Fiction by Tessa: "Holy Water"

Jul 11, 2011 13:31


Just before my Granny Ava died, she pulled me near to her face so all I could smell was antiseptic and her slight sour breath. “Peach,” she whispered, “your mother… isn’t… human.”

I jerked back so hard the metal bars on the side of the hospital bed we’d had rolled into her living room rattled. “Gran!”

She waved one boney hand. It flapped from her wrist like torn paper. “Listen.”

Holding my breath, lips pinched tight, I leaned back in so she could continue. “Your mother never dips her fingers into the well of holy water at Mass.” Granny Ava touched her hand to her forehead. “She saves the host on her tongue.” Ava touched her heart. “I’ve seen her tuck it into her pocket just as she kneels to pray.” As she touched her left shoulder, her eyes floated shut. “And that rosary she uses - plastic!” Finishing the Sign of the Cross, Granny Ava grasped my wrist. “You must beware, and remember. I can’t die without someone else knowing.”

My throat was dry. I wondered what death knell in her brain was making Granny say these things.

“Peach!” she hissed. “Promise you won’t forget.”

As though from some great distance, I looked at the thin white hair curling away from her forehead, at the red flush surrounding her eyes, at her lips, which I used to kiss in exchange for a song or a hard green peppermint. “I promise,” I whispered, thinking, my rosary is plastic, too.

And then my granny died.

Mom came in from the kitchen, one hand on her cheek and the other gripping my dad’s. The glass sliding door let in perfect white light from the backyard to shine over our tableau, and sorrow felt like a water balloon sloshing in my stomach.

Dad moved around to put an arm on my shoulder. “Hey, kiddo, you ok?” I nodded, my eyes on Mom as she took my place perching on the bedside stool. Tears tightened her eyelashes and she touched Granny’s forehead reverently. Dad said, “I’m going to call the hospice nurse.”

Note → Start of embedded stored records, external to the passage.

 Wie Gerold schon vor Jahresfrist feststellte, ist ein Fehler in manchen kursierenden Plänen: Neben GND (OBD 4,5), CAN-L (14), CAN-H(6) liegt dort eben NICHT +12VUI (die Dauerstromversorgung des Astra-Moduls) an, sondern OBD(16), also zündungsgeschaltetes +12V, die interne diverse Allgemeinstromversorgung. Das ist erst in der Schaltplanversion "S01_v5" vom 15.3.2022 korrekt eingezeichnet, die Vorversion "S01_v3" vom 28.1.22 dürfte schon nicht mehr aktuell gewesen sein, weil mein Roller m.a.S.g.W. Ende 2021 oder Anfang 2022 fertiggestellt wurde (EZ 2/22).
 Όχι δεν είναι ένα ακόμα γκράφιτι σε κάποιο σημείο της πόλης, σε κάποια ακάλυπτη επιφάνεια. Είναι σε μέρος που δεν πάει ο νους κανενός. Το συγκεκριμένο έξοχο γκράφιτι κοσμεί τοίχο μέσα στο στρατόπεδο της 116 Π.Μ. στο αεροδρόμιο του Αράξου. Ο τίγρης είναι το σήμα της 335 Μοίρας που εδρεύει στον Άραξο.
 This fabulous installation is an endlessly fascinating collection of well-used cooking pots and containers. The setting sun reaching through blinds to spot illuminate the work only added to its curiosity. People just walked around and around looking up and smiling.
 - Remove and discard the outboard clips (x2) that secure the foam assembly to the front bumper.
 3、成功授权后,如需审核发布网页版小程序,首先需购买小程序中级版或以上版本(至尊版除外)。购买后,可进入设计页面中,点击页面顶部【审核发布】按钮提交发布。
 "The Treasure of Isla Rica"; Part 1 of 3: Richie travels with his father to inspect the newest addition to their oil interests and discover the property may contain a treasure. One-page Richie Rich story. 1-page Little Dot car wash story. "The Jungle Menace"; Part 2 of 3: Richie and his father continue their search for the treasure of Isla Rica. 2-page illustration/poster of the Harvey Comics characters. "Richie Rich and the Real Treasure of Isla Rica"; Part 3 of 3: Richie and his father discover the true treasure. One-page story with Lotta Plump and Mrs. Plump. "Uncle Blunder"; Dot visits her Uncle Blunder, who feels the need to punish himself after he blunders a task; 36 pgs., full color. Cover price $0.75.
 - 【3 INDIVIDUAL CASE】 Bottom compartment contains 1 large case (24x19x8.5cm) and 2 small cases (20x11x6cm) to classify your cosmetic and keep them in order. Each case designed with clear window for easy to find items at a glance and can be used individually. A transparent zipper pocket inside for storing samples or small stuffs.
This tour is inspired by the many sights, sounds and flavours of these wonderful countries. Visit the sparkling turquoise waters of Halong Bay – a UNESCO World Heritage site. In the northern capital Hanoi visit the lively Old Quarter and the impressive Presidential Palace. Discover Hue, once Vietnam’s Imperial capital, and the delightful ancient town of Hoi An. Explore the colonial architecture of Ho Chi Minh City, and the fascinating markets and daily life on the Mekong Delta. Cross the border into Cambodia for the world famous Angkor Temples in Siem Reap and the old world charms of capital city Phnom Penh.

I stayed back, and saw as Mom picked Granny Ava’s rosary off the baby blue quilt. The blood red beads had come from the Vatican, blessed by the Pope himself, Ava always said with pride. It was only because I was staring that I noticed Mom tug her sleeve up high enough to lift the rosary without it touching her skin.

***

Naveen Rao opened the heavy wooden door of St. Sebastian’s just enough for me to slip in. It was seven p.m., a half-hour after evening Mass let out, and the church was supposed to be locked for the night. It hadn’t occurred to me in sixteen years of living that a church would ever be locked, but yesterday I’d come by on my way home from a late evening at the library, only to find my admittance barred. After two minutes despairing God himself had denied me because what I wanted was pretty sacrilegious, I’d realized that the doors were probably locked for more mundane reasons.

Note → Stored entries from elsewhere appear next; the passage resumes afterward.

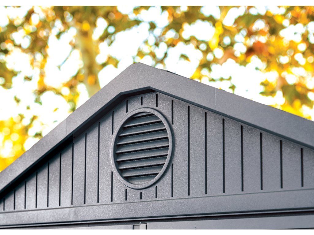 Zahradní domek Keter Darwin je vybavený silnou sedlovou střechou, která vydrží zatížení až do 75 kg/m², takže hravě odolá i haldě sněhu. Má dvojité dveře, takže dovnitř uskladníte i rozměrnější věci – gril nebo třeba kolečko. Výrobce se také postaral o vhodný ventilační systém s regulovanou cirkulací vzduchu. Přední dveře jsou opatřeny ocelovou západkou, na kterou lze nasadit visací zámek pro větší bezpečnost.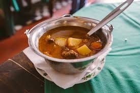 - Amikor a hús puha, beletesszük a sárgarépát, majd amikor forrt egyet, mehet bele a krumpli is. Ennek a tetejére szórunk egy evőkanál fűszerpaprikát, majd felöntjük vízzel (hagyjuk, hogy a paprika főzés közben keveredjen el, ne kevergessük). Készre főzzük.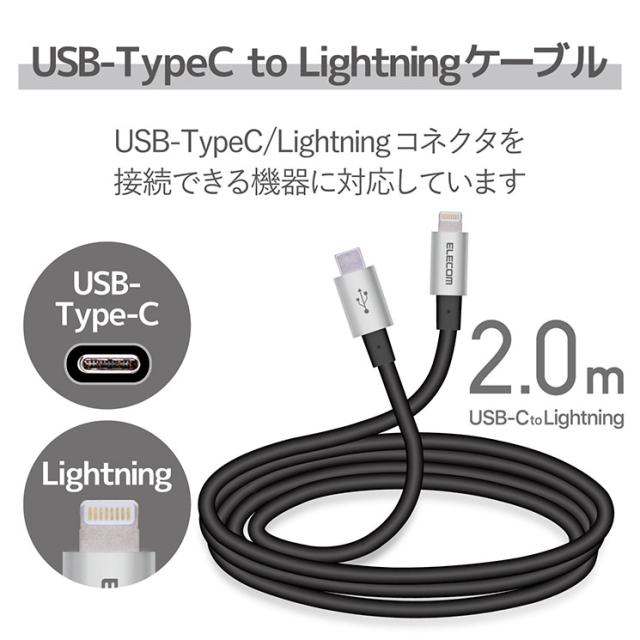 ■Lightningコネクタを搭載したiPhone・iPod・iPadと、USB-Cポートを搭載したパソコンを接続し、充電・データ転送ができるUSB-C to Lightningケーブルです。■USB Power Deliveryに対応し最大20V 3A(60W)の大電流を送電可能で、iPhoneの高速充電に対応しています。■※USB-C搭載iPadの充電には対応しておりません。USB-C搭載iPadからLightning搭載端末への給電は可能です。■対応したUSB-Cポート付きの充電器と接続することで、家庭用コンセントから充電可能です。■コネクタには本体カラーに合わせた高級感のあるアルミニウムを採用しています。■コネクタ形状1:Lightningコネクタ(オス) ■コネクタ形状2:USB-Cコネクタ(オス) ■長さ:2.0m ※コネクタ含まず ■使用目的・用途:USB-C端子を持つPC及び充電器とLightningコネクタを搭載したiPhone,iPad,iPodを接続し、充電・データ転送が可能です。■カラー:グレー ■その他:※iPhone8以降に発売されたUSB Power Delivery対応機種とUSB Power Delivery規格に対応した充電器を使用した場合、高速充電が可能。※iPadはUSB Power Delivery対応またはThunderbolt対応のUSB-C端子を持つパソコンの場合充電が可能。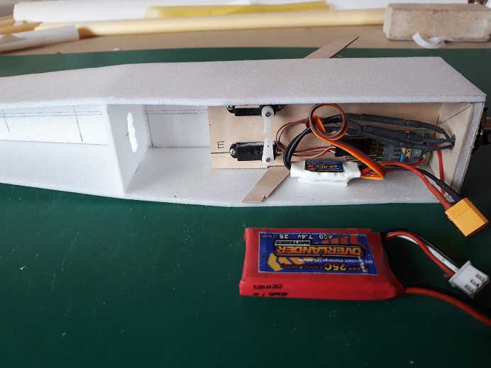4. You can see that my hardware is grossly large for the model, but the connector is an ST20, so scale effect applies. I used CF rod and paperclips from servos to tail surfaces.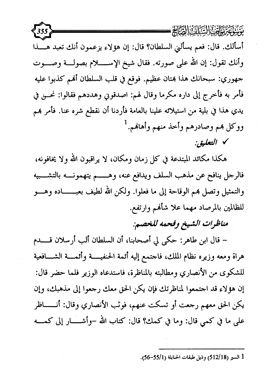 هكذا مكائد المبتدعة في كل زمان ومكان، لا يراقبون الله ولا يخافونه، فالرجل ينافح عن مذهب السلف ويدافع عنه، وهم يتهمونه بالتشبيه والتمثيل وتصل بهم الوقاحة إلى ما فعلوا. ولكن الله لطيف بعباده وهو للظالمين بالمرصاد مهما علا شأنهم وارتفع.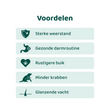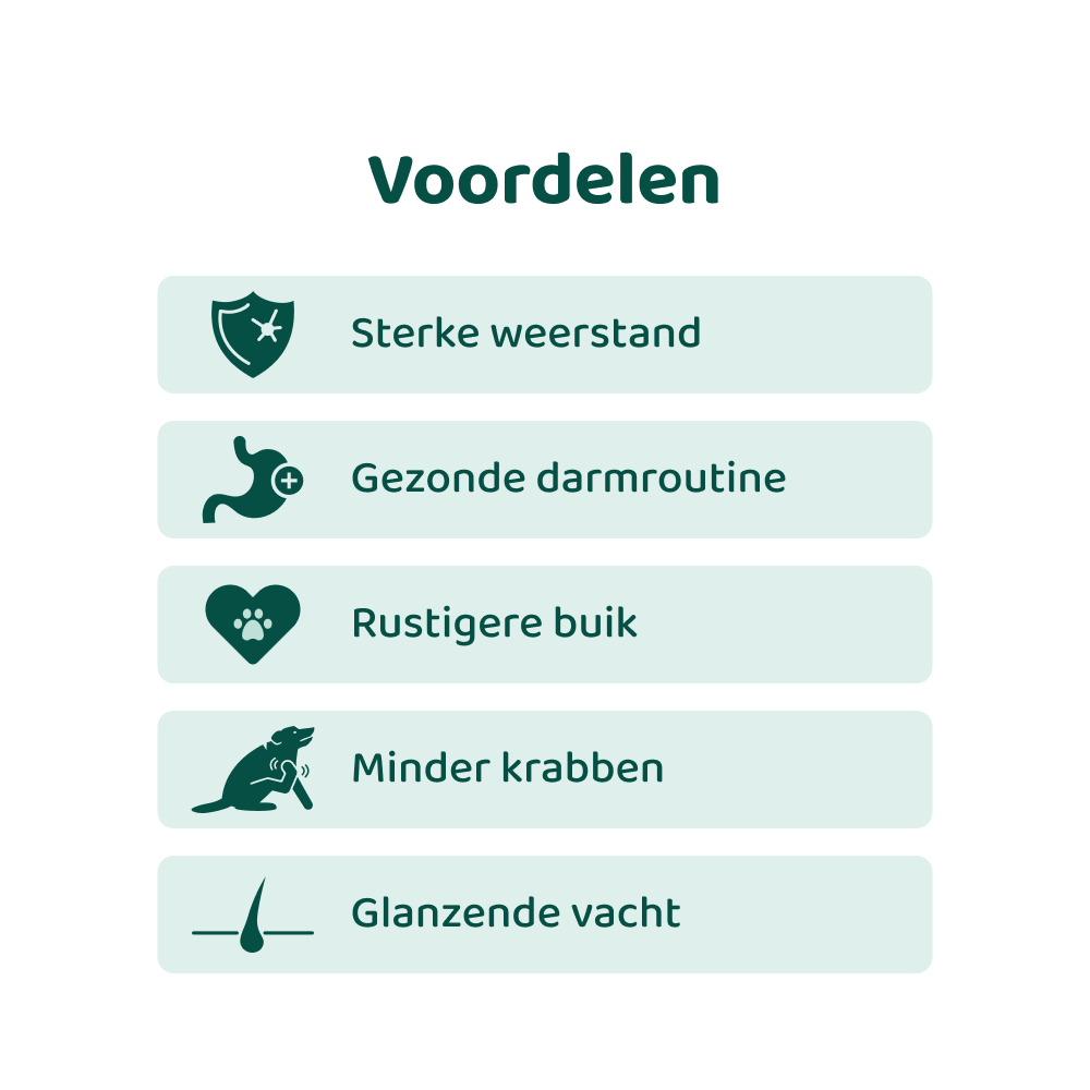 Naast de pre- en probiotica worden er nog extra grondstoffen zoals pectines, zink,... gebruikt om de darmgezondheid van je hond nog beter te ondersteunen. Deze unieke formule zorgt voor heel tevreden baasjes!

“Thanks,” I whispered, sliding under Naveen’s arm. He was still wearing his dark school sweater that hugged his shoulders, and my heart picked speed at being close enough to see how the brown in his eyes broke out into about a dozen colors. Too bad he was frowning at me.

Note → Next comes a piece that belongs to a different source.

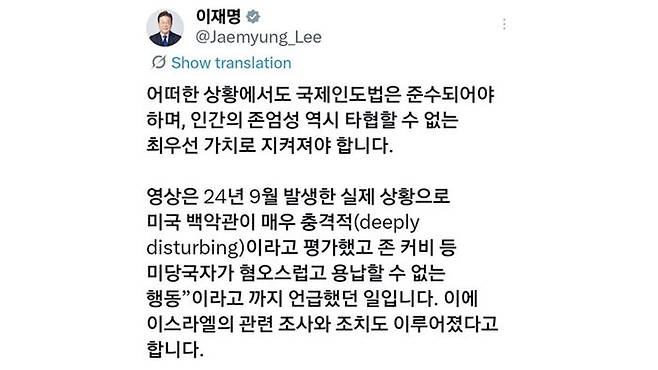 이후 이 대통령은 엑스에 추가로 글을 올려 "해당 영상은 2024년 9월 발생한 실제 상황으로, 미국 백악관이 '매우 충격적'이라고 평가했던 일"이라며 "이스라엘의 관련 조사도 이뤄졌다고 한다"고 설명했습니다.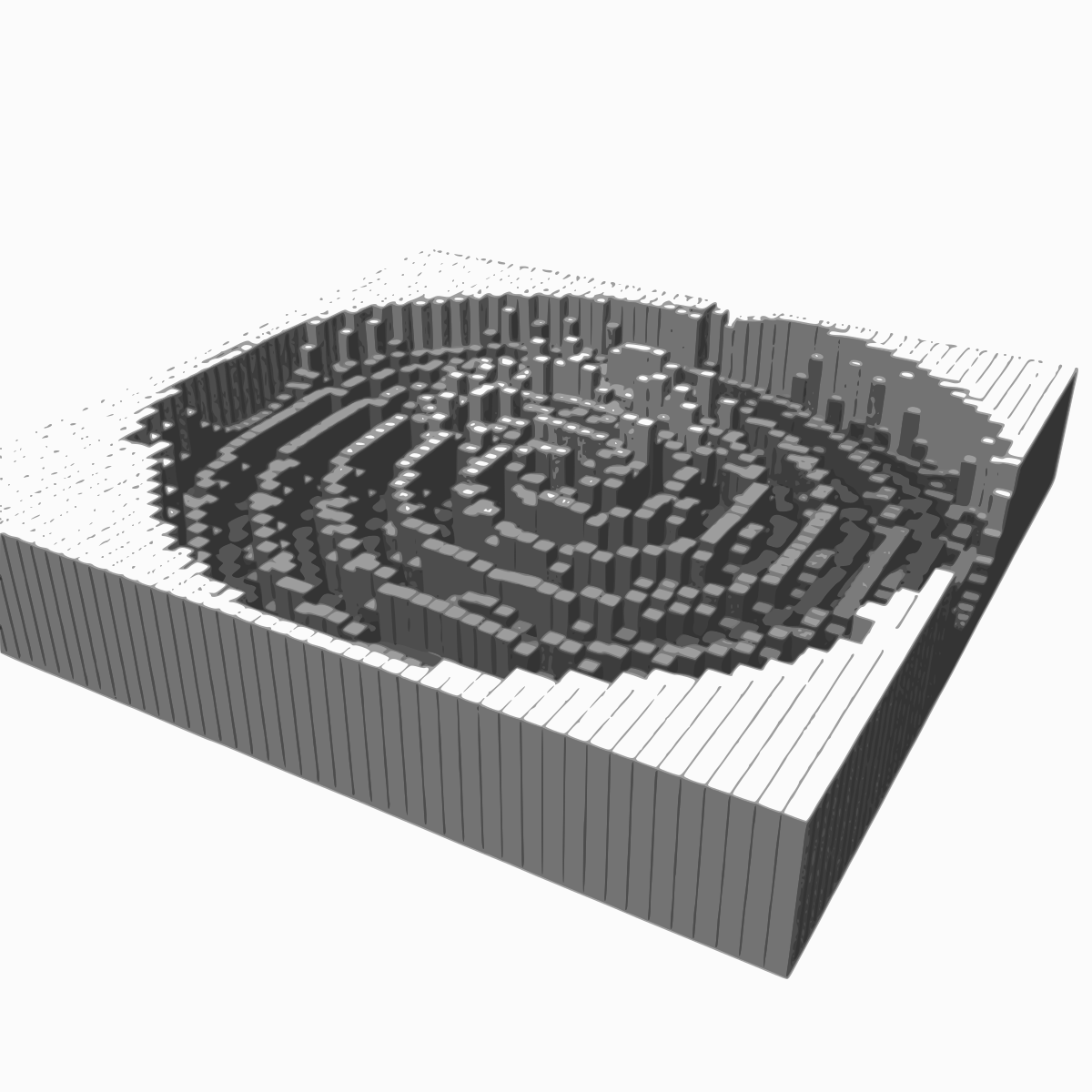This is a 3D model of an intricate maze, resembling the pattern of a city. It features a large central circle surrounded by numerous smaller circles, creating a complex and visually appealing design. The entire structure appears to be made up of interconnected lines, giving it a unique and artistic appearance. This 3D model could potentially represent an architectural concept or serve as a creative visualization for various purposes such as digital art or urban planning.

“I’m not sure I want to be thanked,” he said back, not whispering, but low enough we wouldn’t be heard if anybody was far at the front of the church.

I smiled my most winning smile, but felt the corner of it shake. “It’s an adventure,” I offered, unable to stop whispering. We stood in the vestibule, a wide hallway where the only light filtered in through the blue and yellow stained glass in the door or glowed out of the two alcoves at either end. One held a statue of the Virgin and the other a smaller statue of Sebastian, with three lonely arrows coming out of his shoulder, hip, and thigh.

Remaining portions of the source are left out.